Officers attempted to detain 29-year-old Dijon Kizzee for “in violation of vehicle codes” but got off from his bicycle and tried to escape. They saw a gun that fell to the ground and shot him

A video released Wednesday shows the moment an African-American man is shot more than 10 times after resisting an arrest in Los Angeles County when he was trying to escape.

The death of Dijon Kizzee, 29, Monday afternoon in south Los Angeles follows other shootings against African-American men who have sparked protests across the United States. One of them was Jacob Blake, who was paralyzed last month in his town of Kenosha, Wisconsin.

Civil rights attorney Benjamin Crump of the Blake family announced Wednesday that he would also represent Kizzee’s relatives, describing the shooting as “a despicable and tragic murder.” “When officers shoot first and ask questions later, precious lives are lost and police lose the credibility and trust of those they have sworn to protect,” Crump said in a statement.

Kizzee was riding a bicycle when officers tried to stop him for an unspecified traffic violation, according to the police department’s version. Kizzee threw down the bicycle and ran before the officers caught up with him.

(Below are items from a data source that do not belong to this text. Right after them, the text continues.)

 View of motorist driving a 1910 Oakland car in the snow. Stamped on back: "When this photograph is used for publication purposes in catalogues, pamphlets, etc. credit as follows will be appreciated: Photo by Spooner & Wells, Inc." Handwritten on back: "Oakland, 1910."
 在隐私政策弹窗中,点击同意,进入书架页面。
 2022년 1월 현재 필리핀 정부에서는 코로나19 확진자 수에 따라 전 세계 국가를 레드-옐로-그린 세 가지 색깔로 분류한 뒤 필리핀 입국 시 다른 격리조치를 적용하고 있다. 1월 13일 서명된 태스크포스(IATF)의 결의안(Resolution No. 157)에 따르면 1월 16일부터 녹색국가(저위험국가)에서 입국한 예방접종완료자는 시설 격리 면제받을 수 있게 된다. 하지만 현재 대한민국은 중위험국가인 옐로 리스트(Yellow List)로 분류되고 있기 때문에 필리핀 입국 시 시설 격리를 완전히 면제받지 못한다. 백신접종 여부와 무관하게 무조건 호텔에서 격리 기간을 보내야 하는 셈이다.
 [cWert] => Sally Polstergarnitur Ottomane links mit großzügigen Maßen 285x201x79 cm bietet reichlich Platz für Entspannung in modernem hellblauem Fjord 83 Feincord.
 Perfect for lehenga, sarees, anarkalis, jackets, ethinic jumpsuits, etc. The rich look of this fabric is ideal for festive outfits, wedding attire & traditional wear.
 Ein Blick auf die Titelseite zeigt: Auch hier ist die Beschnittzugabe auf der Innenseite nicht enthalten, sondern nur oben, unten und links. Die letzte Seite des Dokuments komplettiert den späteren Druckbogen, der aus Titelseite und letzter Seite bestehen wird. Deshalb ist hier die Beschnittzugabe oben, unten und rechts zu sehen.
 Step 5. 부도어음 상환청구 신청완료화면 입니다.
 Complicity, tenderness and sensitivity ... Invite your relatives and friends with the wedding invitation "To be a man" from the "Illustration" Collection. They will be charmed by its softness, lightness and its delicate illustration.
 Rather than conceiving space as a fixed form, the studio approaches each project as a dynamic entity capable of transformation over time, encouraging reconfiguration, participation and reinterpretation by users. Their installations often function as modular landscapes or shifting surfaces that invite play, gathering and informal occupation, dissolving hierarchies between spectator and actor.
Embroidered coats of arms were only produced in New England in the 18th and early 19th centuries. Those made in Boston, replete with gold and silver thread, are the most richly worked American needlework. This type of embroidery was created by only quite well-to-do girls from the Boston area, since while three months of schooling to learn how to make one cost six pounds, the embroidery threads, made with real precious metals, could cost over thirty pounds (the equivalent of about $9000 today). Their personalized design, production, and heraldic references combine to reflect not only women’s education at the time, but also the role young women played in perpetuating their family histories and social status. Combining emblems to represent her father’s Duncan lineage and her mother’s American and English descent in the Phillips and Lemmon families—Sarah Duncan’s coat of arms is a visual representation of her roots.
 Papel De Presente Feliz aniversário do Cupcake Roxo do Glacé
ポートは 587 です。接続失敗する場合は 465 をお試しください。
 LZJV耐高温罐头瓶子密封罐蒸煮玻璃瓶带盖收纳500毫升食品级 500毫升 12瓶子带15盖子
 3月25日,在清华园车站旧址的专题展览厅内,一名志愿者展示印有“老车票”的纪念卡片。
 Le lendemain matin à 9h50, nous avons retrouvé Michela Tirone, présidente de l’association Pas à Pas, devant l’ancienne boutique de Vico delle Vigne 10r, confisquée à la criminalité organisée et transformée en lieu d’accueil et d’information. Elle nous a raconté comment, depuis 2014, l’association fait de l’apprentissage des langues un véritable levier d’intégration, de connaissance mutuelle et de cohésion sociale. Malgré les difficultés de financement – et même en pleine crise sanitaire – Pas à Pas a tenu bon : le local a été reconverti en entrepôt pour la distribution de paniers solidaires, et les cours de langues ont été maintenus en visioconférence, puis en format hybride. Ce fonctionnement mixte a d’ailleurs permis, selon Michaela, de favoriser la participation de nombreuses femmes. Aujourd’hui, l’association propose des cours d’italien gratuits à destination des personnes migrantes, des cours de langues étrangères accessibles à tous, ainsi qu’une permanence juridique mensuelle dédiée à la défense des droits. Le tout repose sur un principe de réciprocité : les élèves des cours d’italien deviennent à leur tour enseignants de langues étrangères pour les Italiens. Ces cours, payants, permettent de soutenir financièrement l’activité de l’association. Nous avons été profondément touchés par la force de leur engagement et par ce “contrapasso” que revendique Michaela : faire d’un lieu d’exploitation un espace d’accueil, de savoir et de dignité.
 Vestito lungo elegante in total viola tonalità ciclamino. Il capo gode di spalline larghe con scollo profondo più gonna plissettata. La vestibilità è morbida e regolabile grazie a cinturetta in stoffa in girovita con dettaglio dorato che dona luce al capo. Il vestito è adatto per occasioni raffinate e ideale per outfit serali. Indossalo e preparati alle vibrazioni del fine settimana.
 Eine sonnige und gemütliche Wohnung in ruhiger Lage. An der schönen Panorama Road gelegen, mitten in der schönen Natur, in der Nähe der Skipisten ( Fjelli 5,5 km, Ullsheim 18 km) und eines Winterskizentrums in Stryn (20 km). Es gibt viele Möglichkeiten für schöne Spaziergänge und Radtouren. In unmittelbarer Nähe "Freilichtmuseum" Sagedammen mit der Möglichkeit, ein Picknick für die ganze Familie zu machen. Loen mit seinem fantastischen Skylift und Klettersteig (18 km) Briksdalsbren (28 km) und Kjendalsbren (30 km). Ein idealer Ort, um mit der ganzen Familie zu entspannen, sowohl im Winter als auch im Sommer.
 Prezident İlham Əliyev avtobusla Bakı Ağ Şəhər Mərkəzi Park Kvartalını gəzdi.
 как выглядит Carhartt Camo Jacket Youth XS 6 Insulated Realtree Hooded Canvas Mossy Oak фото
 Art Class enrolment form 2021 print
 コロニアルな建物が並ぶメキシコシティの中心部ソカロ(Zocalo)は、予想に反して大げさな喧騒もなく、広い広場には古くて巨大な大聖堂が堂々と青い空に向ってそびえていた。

According to the police, he punched one of the officers in the face.

The officers of the largest police department in the country do not have body cameras. The county Board of Supervisors approved the funding Tuesday, and the first batch of officers will be outfitted with cameras next month.

The 44-second video shows a police van stopping on a street. An agent gets out, runs around a parked car and appears to grab Kizzee as he walks down the sidewalk. They struggle on their feet and walk together down the street for several seconds. Kizzee seems to throw a punch, although in the image it is not known if it reaches the agent.

Then it is seen how Kizze manages to free himself, stumbling and falling to the ground. A second agent arrives and in a matter of seconds, the two policemen fire several shots.

Police have said that when Kizzee fell to the ground he dropped a jacket from which a pistol fell and that he “gestured” towards the weapon, prompting the shooting. But in the video, a fence obscures what happened at the time, and he never appears to be in control of the weapon or pose a threat to officers present.

Kizzee’s relatives have described him as devoted to his late mother and 18-year-old brother. He was an energetic man who loved go-karts, cars and music, and was preparing to become a plumber, they said.

Police routinely arrest residents who ride bicycles in communities of color for alleged traffic violations, said Donny Joubert, vice president of the Watts Gang Task Force in Los Angeles, created to reduce gang violence and improve relations between the community and police. White cyclists in affluent neighbourhoods rarely get the same treatment, Joubert said.